[WORK REQUEST]:
Start to finish, retype the entries exactly while omitting the pictures.

□ □ □ □

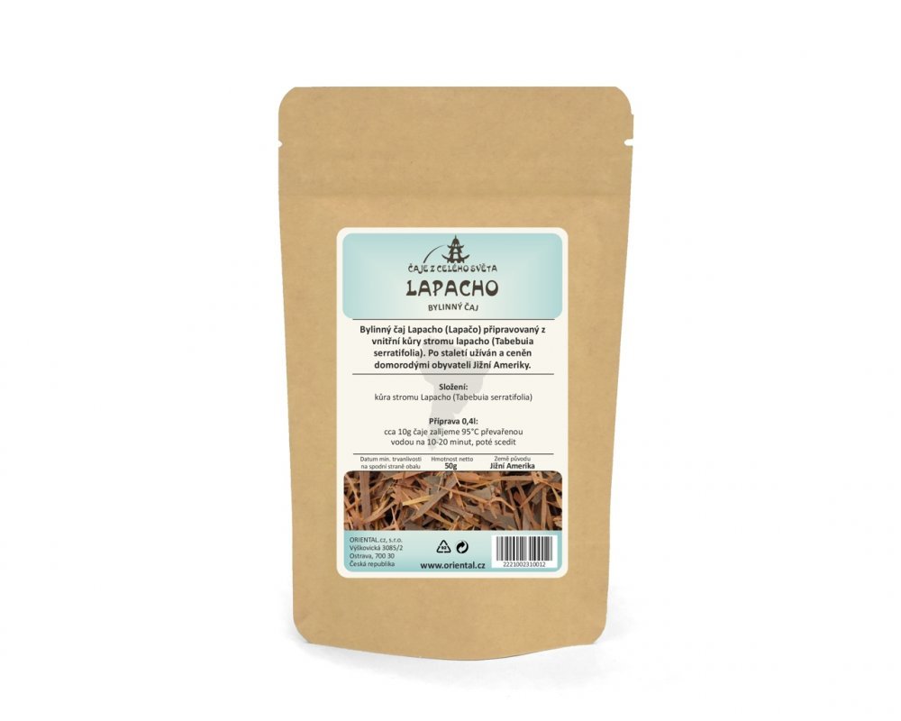 Bylinný čaj Lapacho (Lapačo) připravovaný z vnitřní kůry stromu lapacho (Tabebuia serratifolia). Po staletí užíván a ceněn domorodými obyvateli Jižní Ameriky. Lapacho se přirozeně vyskytuje v Brazílii, Peru, Bolívii a severní Argentině. Kvete nápadnými fialovými kvítky a dožívá se až 700 let....
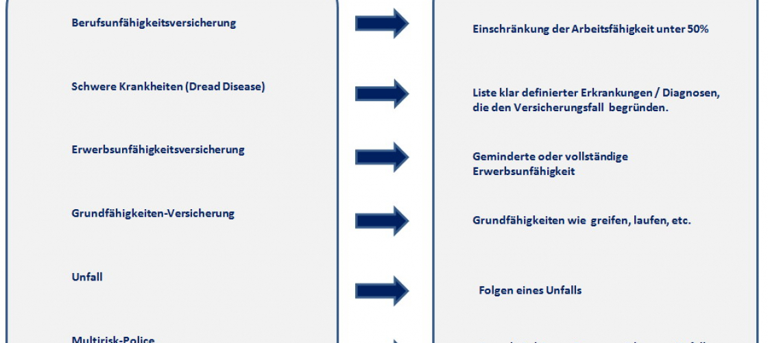 Es ist explizit darauf zu beachten, dass wir in dem Bereich der Lebensversicherung das Risiko Berufsunfähigkeit absichern können, die Kombination zur Pflege aber in dem Bereich der Krankenversicherung zu finden ist. Allein der Sachverhalt lässt es sehr spannend werden, zu erfahren wie die vertraglichen Formulierung dieser beiden, in der Vergangenheit mit unterschiedlichen juristischen Termini ausgestatteten Bereiche, kombinieren.
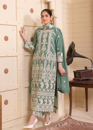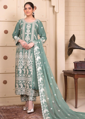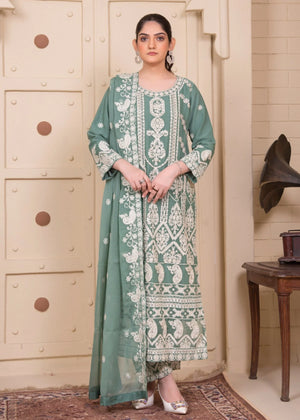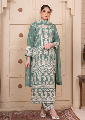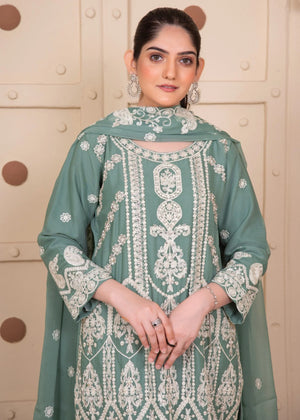 Pistachio Luxury Embroidered Chiffon 3-Piece Suit
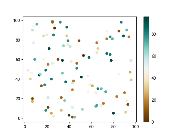 # 这三行代码使编译器能够绘图: import sys import matplotlib matplotlib.use('Agg') import matplotlib.pyplot as plt import numpy as np x = np.random.randint(100, size=(100)) y = np.random.randint(100, size=(100)) colors = np.random.randint(100, size=(100)) # 使用棕蓝绿渐变绘制散点图: plt.scatter(x, y, c=colors, cmap='BrBG') plt.colorbar() # 显示颜色条 plt.show() # 显示图形 # 这两行代码使编译器能够输出图形: plt.savefig(sys.stdout.buffer) sys.stdout.flush()
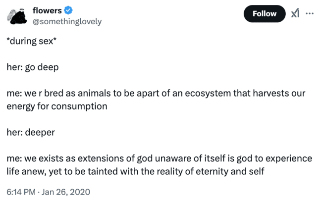 The romanticized quotes about passion being preferable to heartbreak are the ultimate vibe for a late-night scroll. These nsfw tweets prove that once the filter is off, the internet becomes a much more poetic and terrifying place. We celebrate the people who are brave enough to post their most unfiltered thoughts because it makes the rest of us feel a little more normal about our own weird cravings. Whether it is a joke about sex work and vegetables or a side profile in red and blue lighting, the energy is consistently bold and cheeky. We laugh because we have all had those intrusive thoughts, even if we were smart enough not to tweet them. It is a supportive community of the spicy and the slightly chaotic. I hope these images remind you to embrace your own unhinged side once in a while. Just maybe double-check your followers before you start a thread about melons. Stay sassy, stay spicy, and never stop being down bad for a good punchline. It is the only way to survive the timeline!

□ □ □ □

[REPLY]:
 Bylinný čaj Lapacho (Lapačo) připravovaný z vnitřní kůry stromu lapacho (Tabebuia serratifolia). Po staletí užíván a ceněn domorodými obyvateli Jižní Ameriky. Lapacho se přirozeně vyskytuje v Brazílii, Peru, Bolívii a severní Argentině. Kvete nápadnými fialovými kvítky a dožívá se až 700 let....
 Es ist explizit darauf zu beachten, dass wir in dem Bereich der Lebensversicherung das Risiko Berufsunfähigkeit absichern können, die Kombination zur Pflege aber in dem Bereich der Krankenversicherung zu finden ist. Allein der Sachverhalt lässt es sehr spannend werden, zu erfahren wie die vertraglichen Formulierung dieser beiden, in der Vergangenheit mit unterschiedlichen juristischen Termini ausgestatteten Bereiche, kombinieren.
 Pistachio Luxury Embroidered Chiffon 3-Piece Suit
 # 这三行代码使编译器能够绘图: import sys import matplotlib matplotlib.use('Agg') import matplotlib.pyplot as plt import numpy as np x = np.random.randint(100, size=(100)) y = np.random.randint(100, size=(100)) colors = np.random.randint(100, size=(100)) # 使用棕蓝绿渐变绘制散点图: plt.scatter(x, y, c=colors, cmap='BrBG') plt.colorbar() # 显示颜色条 plt.show() # 显示图形 # 这两行代码使编译器能够输出图形: plt.savefig(sys.stdout.buffer) sys.stdout.flush()
 The romanticized quotes about passion being preferable to heartbreak are the ultimate vibe for a late-night scroll. These nsfw tweets prove that once the filter is off, the internet becomes a much more poetic and terrifying place. We celebrate the people who are brave enough to post their most unfiltered thoughts because it makes the rest of us feel a little more normal about our own weird cravings. Whether it is a joke about sex work and vegetables or a side profile in red and blue lighting, the energy is consistently bold and cheeky. We laugh because we have all had those intrusive thoughts, even if we were smart enough not to tweet them. It is a supportive community of the spicy and the slightly chaotic. I hope these images remind you to embrace your own unhinged side once in a while. Just maybe double-check your followers before you start a thread about melons. Stay sassy, stay spicy, and never stop being down bad for a good punchline. It is the only way to survive the timeline!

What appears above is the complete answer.